About fifty small electricity and gas marketers have fallen by the wayside since the price escalation broke out in the sector, a little over a year ago. But the situation could worsen if the current market rules dictated by the Government in the various emergency measures of the last year do not change. "In terms of competition, all the market opening that had been gained in the last decade has been lost in a few months," warns Asier Gorostiza, director of the Genera Group and president of the Association of Independent Marketers of Electric Power and Natural Gas ( ACIE). Small and medium-sized marketers belong to this organization, which until before the current crisis had a market share of 20% in electricity sales and 30% in natural gas.

The escalation of prices in the energy markets a little over a year ago unleashed the first problems. These companies must buy, pay and provide financial guarantees when acquiring the energy that they then resell to their customers. "It is a very demanding business in terms of treasury management and those companies that had their business plans very adjusted to market prices are having a very hard time," explains Francisco Javier López, spokesman for the board of directors of the Association of Electric Companies ( Aseme), the association of distribution companies.

The latest data from the National Commission for Markets and Competition (CNMC) records the dismissal of 46 of the almost 400 small marketers registered in the last year. “If prices continue to rise, some more could be affected, but the real problem in the sector now is competition. It is impossible to compete with the big groups”, points out Gorostiza.

The reason?

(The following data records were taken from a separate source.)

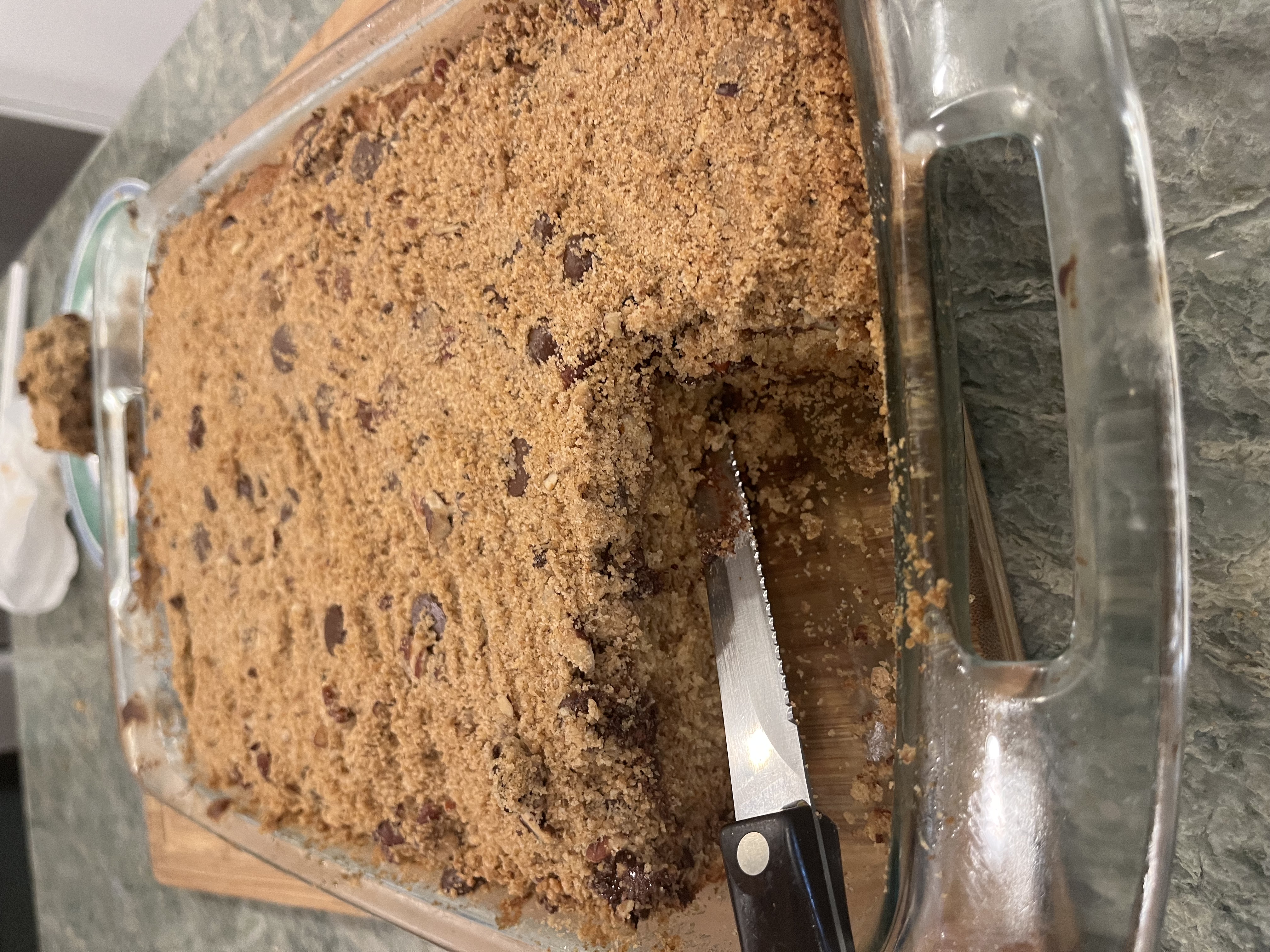 This recipe is baked in a 9-inch-by-13-inch baking pan, so there is plenty for everyone. The old-fashioned crumb topping is a complement to the tender, spiced buttermilk cake layer. I prefer bittersweet chocolate chips, so the topping isn’t too sweet, but feel free to use semi-sweet if you prefer. I also use pumpkin pie seasoning, so it cuts down on time measuring out individual ingredients. This seasoning mix includes cinnamon, ginger, nutmeg and allspice: the aroma of the holidays.
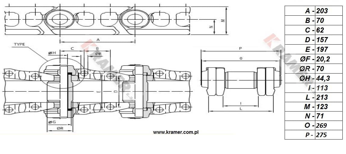 Smarowany łańcuch spycharkowy gąsienicy typu SALT ( SEALED AND LUBRICATED - uszczelniany i olejowany) zamykany na sworzeń spinający. Stosowany w spycharkach typu Staliniec T-130  T-170  B10  DZ27S.
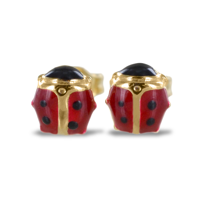 Orecchini da bambina in oro giallo con coccinelle. Questi orecchini a bottoncino da bambina sono orecchini con coccinelle, e sono il modello di orecchini mini, infatti le coccinelline misurano 4.70 x 4.30 mm.
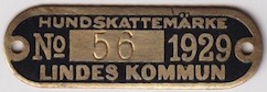 HUNDSKATTEMÄRKE No 56 1929 LINDES KOMMUN. Svart.
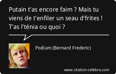 Putain t'as encore faim ? Mais tu viens de t'enfiler un seau d'frites ! T'as l'ténia ou quoi ?
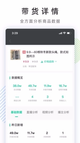 快速发现热门直播间,还原播主历史直播热度和销售数据,实现直播流量和电商变现。
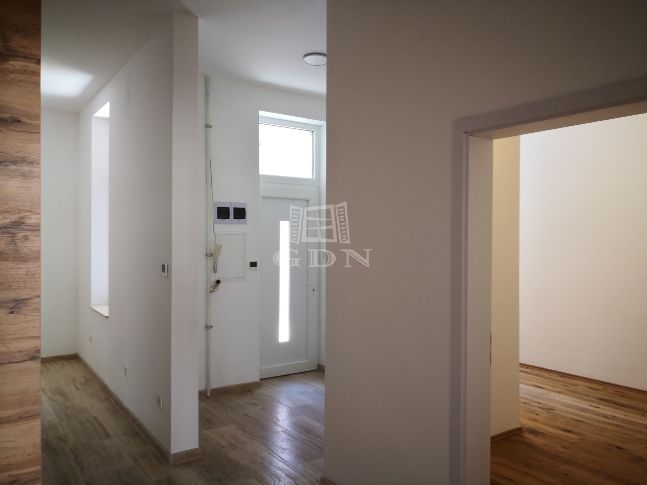 A 82 négyzetméteres 2. emeleti lakásban 2+1 félszoba található.
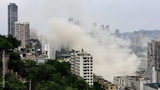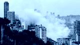 Misty fog burst through Chongqing city skyline creating dramatic urban landscape memories in China station district

The Government's measures to contain prices, which imposes paying taxes on benefits that exceed 67 euros MW/h in long-term energy contracts. “The large dominant groups, instead of integrating their generation profits into Treasury coffers, have earmarked them for the competitiveness of their marketing areas, being able to offer prices that independent marketers cannot reach, since generation independent is being reluctant to commit its energy in the long term with independent marketers”, they denounce from ACIE.

A legislation that has favored consumers, since, as the Minister for the Energy Transition, Teresa Ribera, has recognized, it has made it possible to contain the prices of free market offers. Perhaps that is why the option of auctioning the energy generated at low cost has been left in the drawer, which would allow small retailers to play by the same rules. This is what they claim from ACIE, in addition to prohibiting intra-group sales that, together with the reduction of guarantees proposed by Brussels, may relieve their situation. In any case, the ball now passes to the CNMC, which must confirm whether or not the market is really broken.